In this tutorial, we’ll go over what the Whale Optimization Algorithm (WOA) is and what it does. Furthermore, we’ll go over the algorithm and use an example to demonstrate how WOA would solve some simple optimization.

2. What Is the Whale Optimization Algorithm?

WOA is a meta-heuristics algorithm. As implied by the name, this algorithm was proposed for optimizing numerical problems by Mirjalili and Lewis, 2016. The inspiration for WOA comes, in particular, from the social behavior and the bubble-net hunting of humpback whales in oceans.

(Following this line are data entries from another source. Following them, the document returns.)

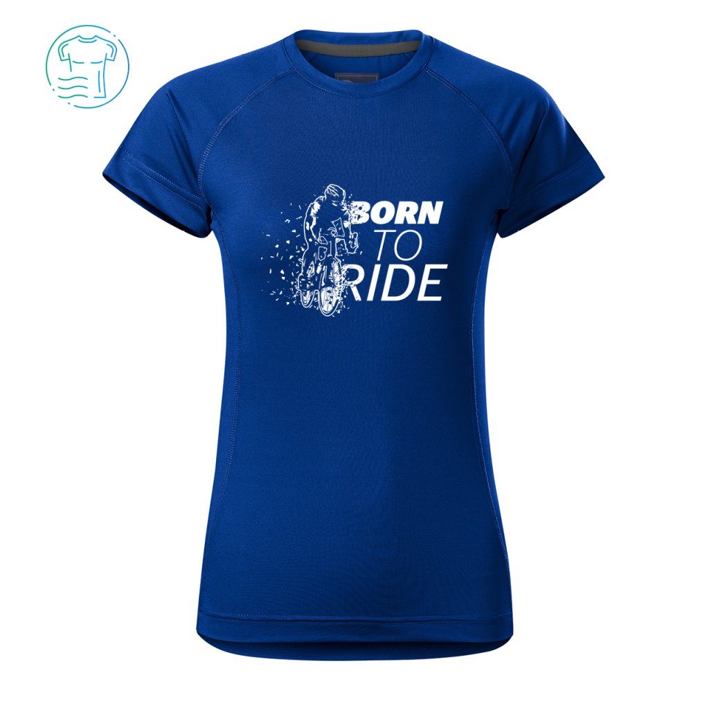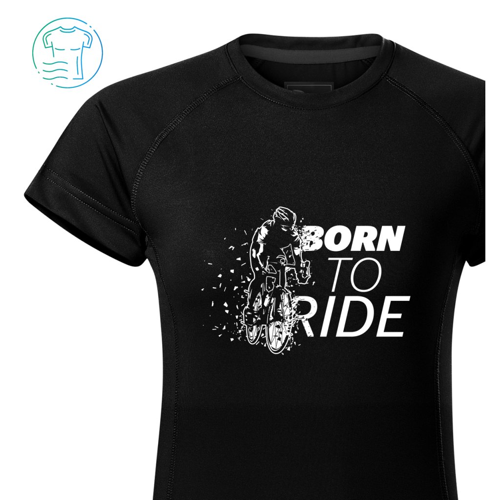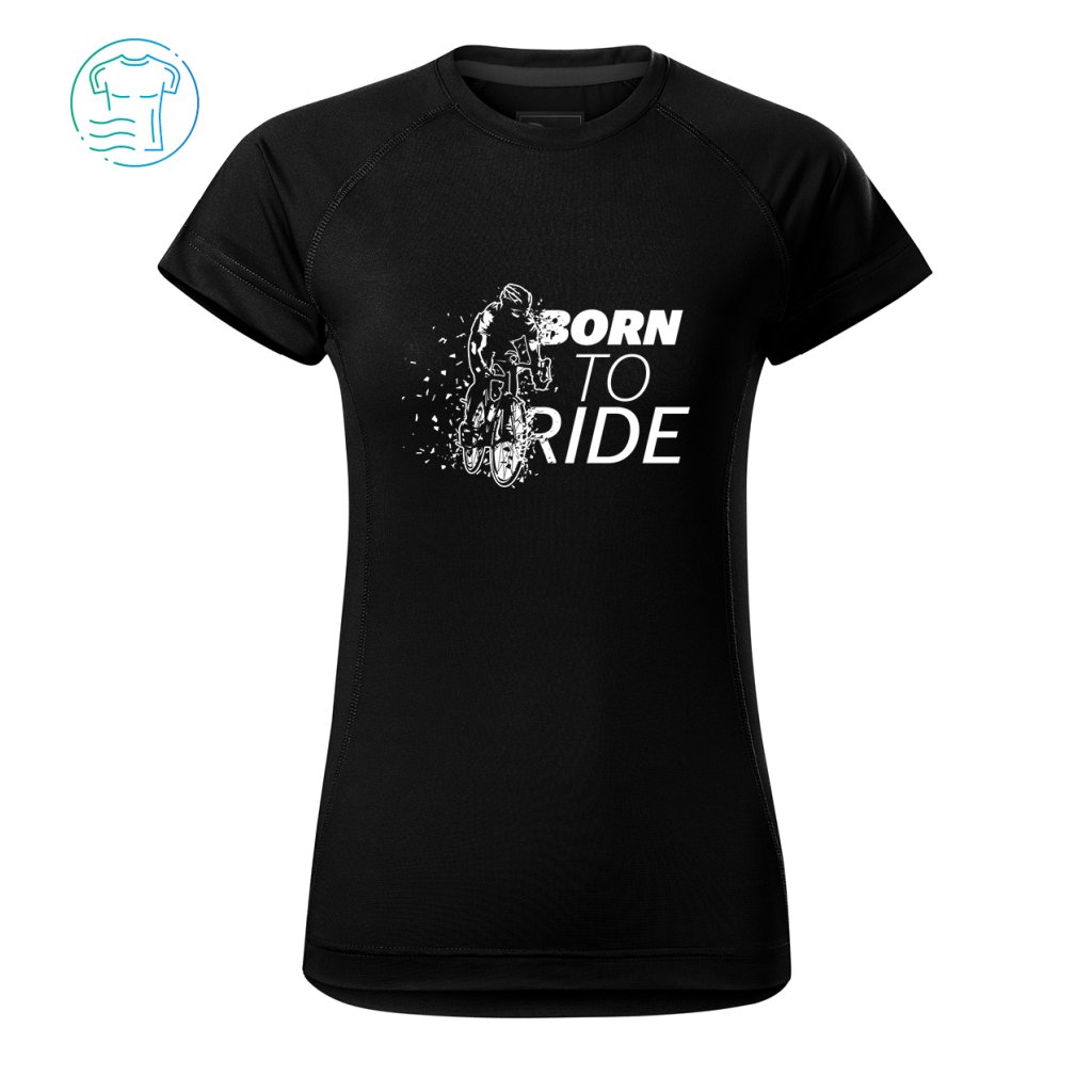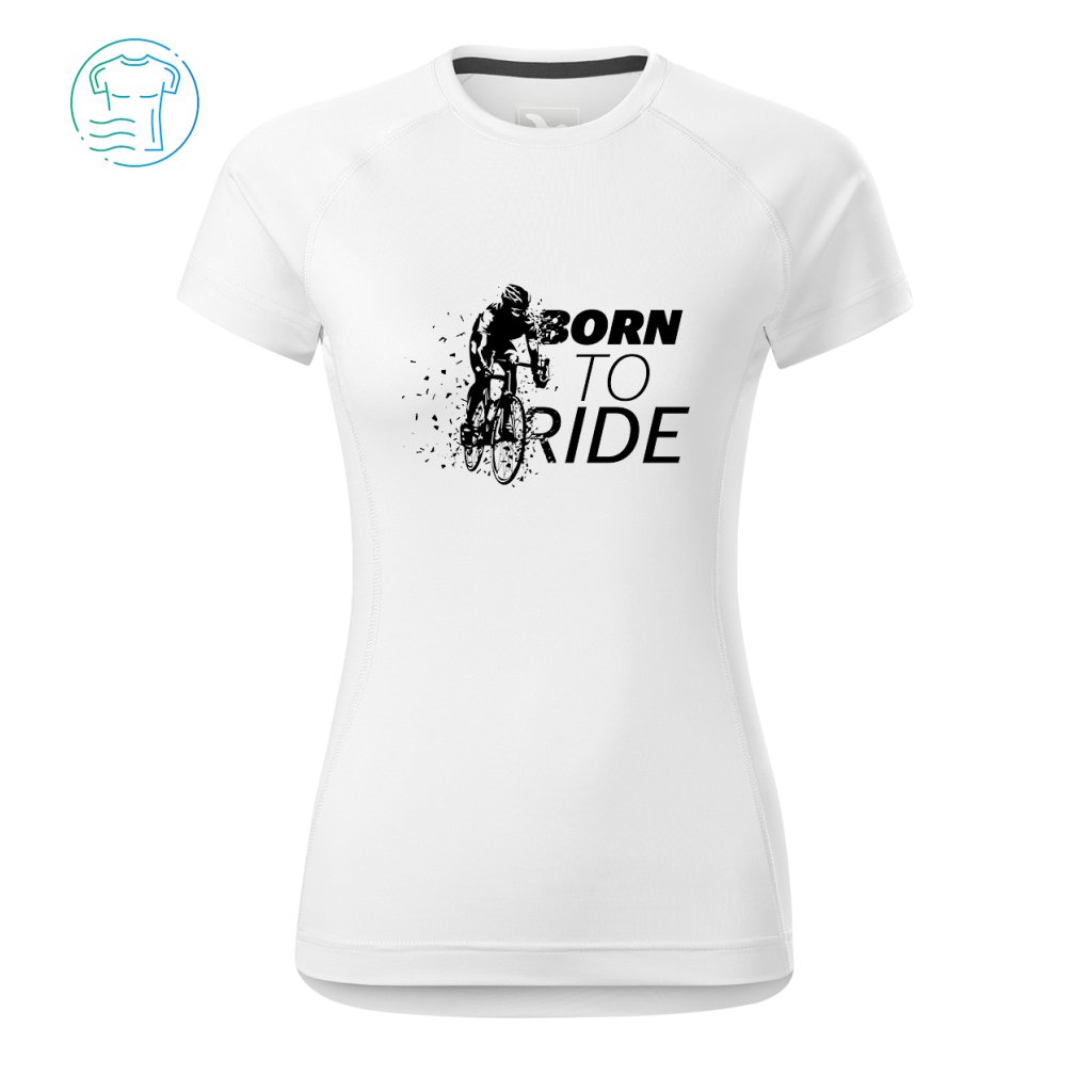 Toto dámské sportovní tričko kombinuje funkčnost, pohodlí a design, který neomrzí. Rychleschnoucí materiál je ideální pro jízdu, běh i aktivní den. Motiv cyklistky a nápis "Born to ride" říkají přesně to, co cítíte po každém výšlapu: že tohle není jen sport, ale styl života, ve kterém je místo i pro úsměv.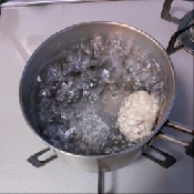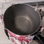 アルミホイルを被せて水を張ったフライパンをのせてじっくりと焼く。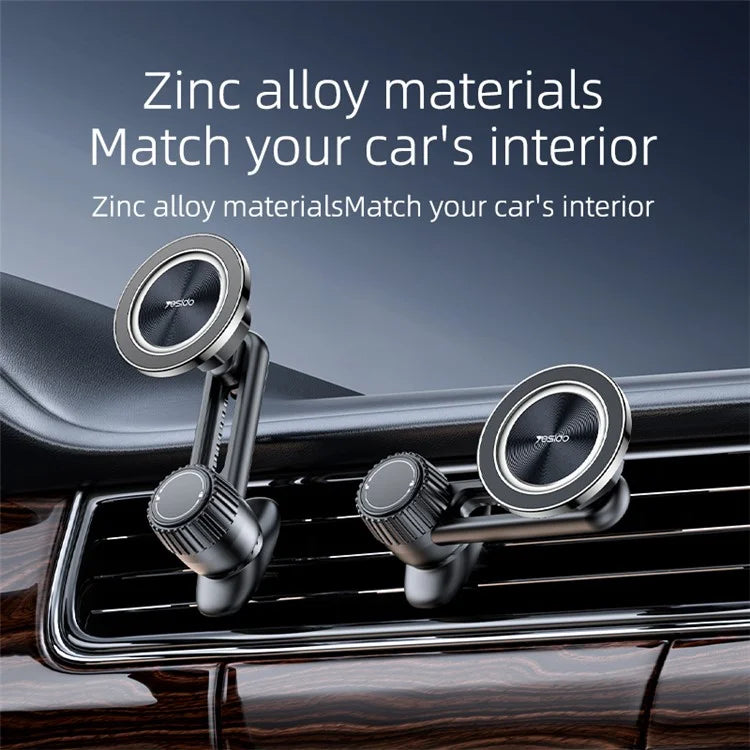 The YESIDO C168 MagSafe Car Phone Holder is designed to securely attach to your car's air outlet with a 360° rotating rod that can be adjusted both up and down for the perfect viewing angle. The universal ball joint allows for smooth, arbitrary angle adjustments while ensuring that the air outlet remains unobstructed. Featuring an adjustable nut-type telescopic clip, this holder fits all car models and ensures a stable hold without slipping. The strong magnets, embedded in a zinc alloy magnetic suction part with a CD pattern, guarantee a strong, stable grip for your phone. The holder is compatible with iPhone 12 and above and includes a magnet sheet for all phones.

3. Who Are the Humpback Whales?

Humpback whales are among the largest mammals in the world. They are also one of seven different types of whales. It also has a one-of-a-kind hunting mechanism known as the bubble-net feeding method. They are unquestionably intelligent because their brains contain spindle cells. This foraging behavior is accomplished by the formation of special bubbles in the form of a spiral or path. As a result, let’s investigate the whale leadership hierarchy:

  • The leader whale finds the prey and dives down for about 12 meters approximately, creating a spiral-shaped bubble around the prey, and then swimming up to the surface while following the bubbles
  • An experienced whale who support the leader by making a call to synchronize
  • The others form a formation behind the leader and take the same position for each lunge

In short, the bubble-net hunting of humpback whales may resemble the image below:

4. Mathematical Model of the Whale Optimization Algorithm

The WOA algorithm imitates the social behavior and hunting method of humpback whales in oceans. So, let’s go over the fundamentals of whale hunting:

  1. Exploration phase: search for the prey
  2. Encircling the prey
  3. Exploitation phase: attacking the prey using a bubble-net method

Let’s take a look at the mathematical model behind each phase of the whale hunting process.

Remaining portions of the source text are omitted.